Aug 5 11:05:35 Node1 cmsrvassistd[8688]: Lost connection with Serviceguard
cluster daemon (cmcld): Software caused connection abort
Aug 5 11:05:35 Node1 cmtaped[8691]: The cluster daemon aborted our
connection.
Aug 5 11:05:35 Node1 cmtaped[8691]: cmtaped terminating. (ATS 1.14)
...
The exact error message should be checked against known problems. Often also a cmcld core file
is written to the directory /var/adm/cmcluster, which may be helpful for further investigation.
• Node TOC after tuning TCP parameters using ndd(1M):
Oct 17 10:10:02 Node1 cmlvmd: Could not read messages from /usr/lbin/cmcld:
Connection reset by peer
Oct 17 10:10:02 Node1 cmlvmd: CLVMD exiting
...
Oct 17 10:10:08 Node1 vmunix: Halting Node1 to preserve data integrity
Oct 17 10:10:08 Node1 vmunix: Reason: LVM daemon failed
It is officially unsupported to change the TCP settings on a Serviceguard system. The specific
ndd(1M) parameters involved here are tcp_keepalive_interval and tcp_ip_abort_interval. The
same applies for the 10.X nettune(1M) parameters tcp_keepstart, tcp_keepfreq and tcp_keepstop.

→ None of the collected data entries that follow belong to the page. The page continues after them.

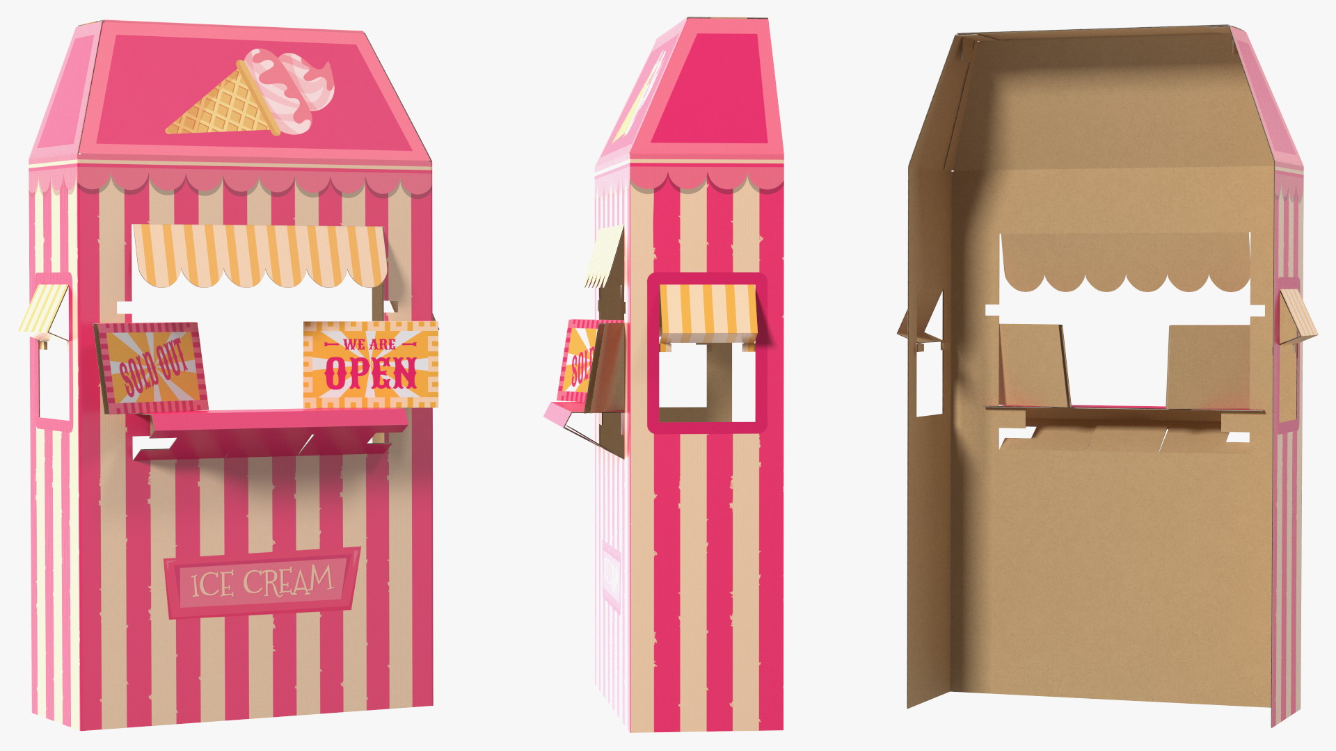 Ice Cream Booth Cardboard Stand is a three-dimensional model of a stand construction made in miniature which is kid games toy backdrop equipment.
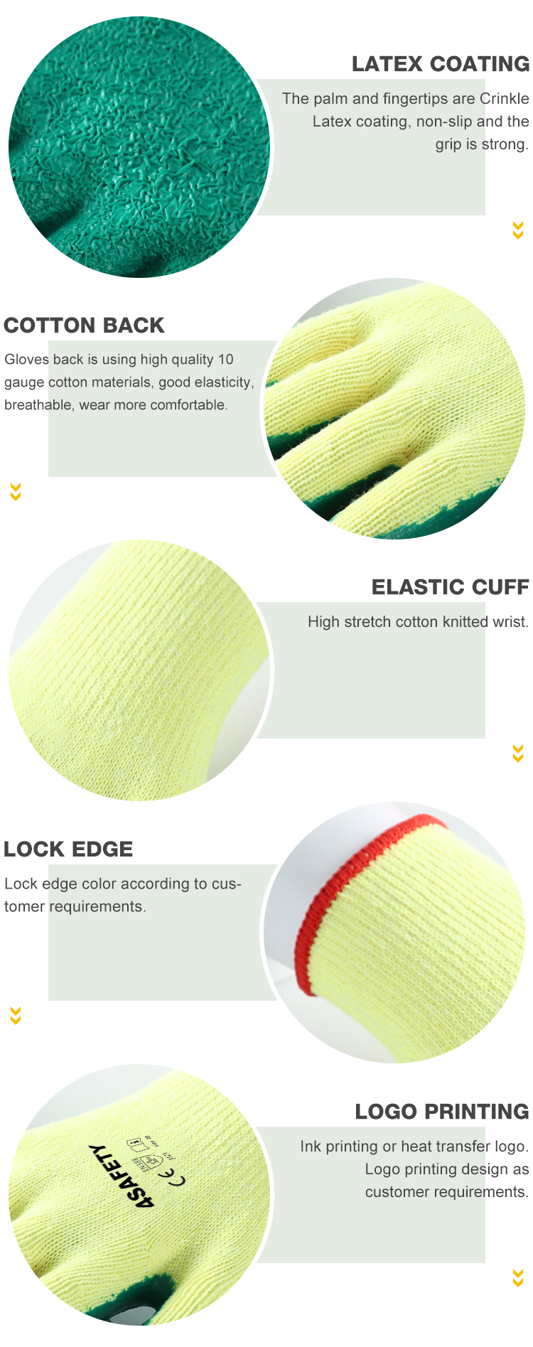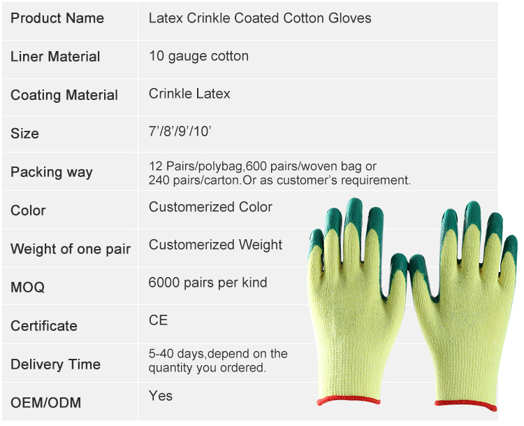 Shop the high-quality Yellow And Green Latex Coated Crinkle Wrinkle Cotton Gloves at our factory. Designed for durability, they provide exceptional grip and protection. Order now!
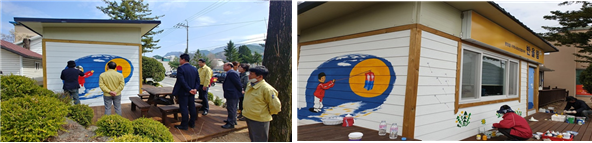 서양화가 권용택 평창미술인협회장(현 평창송어축제 홍보국장)은 배우자와 함께 반올림가게 외벽 그림 봉사를 실시했다.
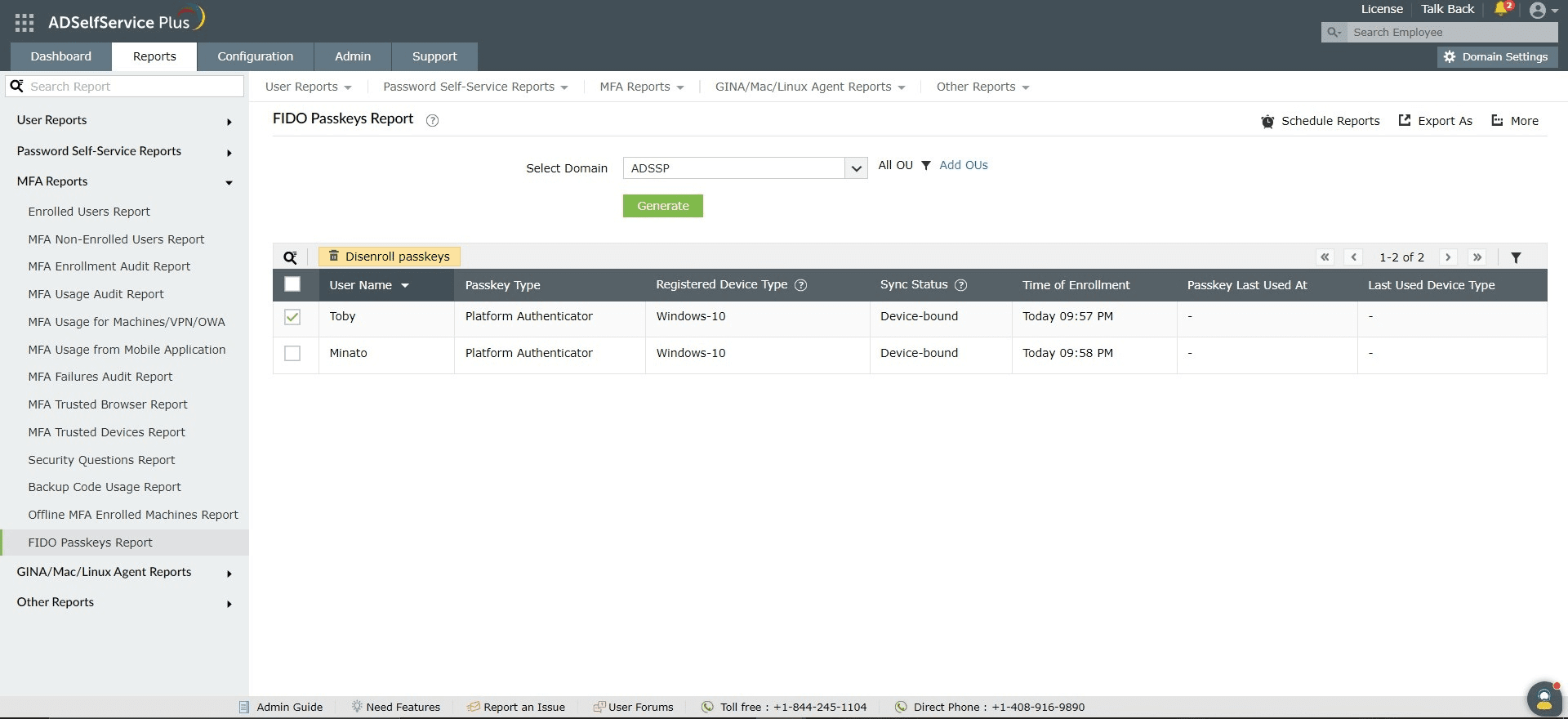 - 管理者またはオペレーター権限でADSelfService Plus管理ポータルにログインし、[レポート]→[MFAレポート]→[FIDOパスキーレポート]に移動します。

The reason is that Serviceguard needs all ports to behave the same way, and if ndd(1M) is run
after starting the cluster, then some ports will use the original TCP behavior, while all other ports
established after running ndd(1M) use the new behavior. It has been found that usually no
problems arise if the ndd(1M) tuning is done before the cluster is started, but nevertheless, this is
neither tested nor supported.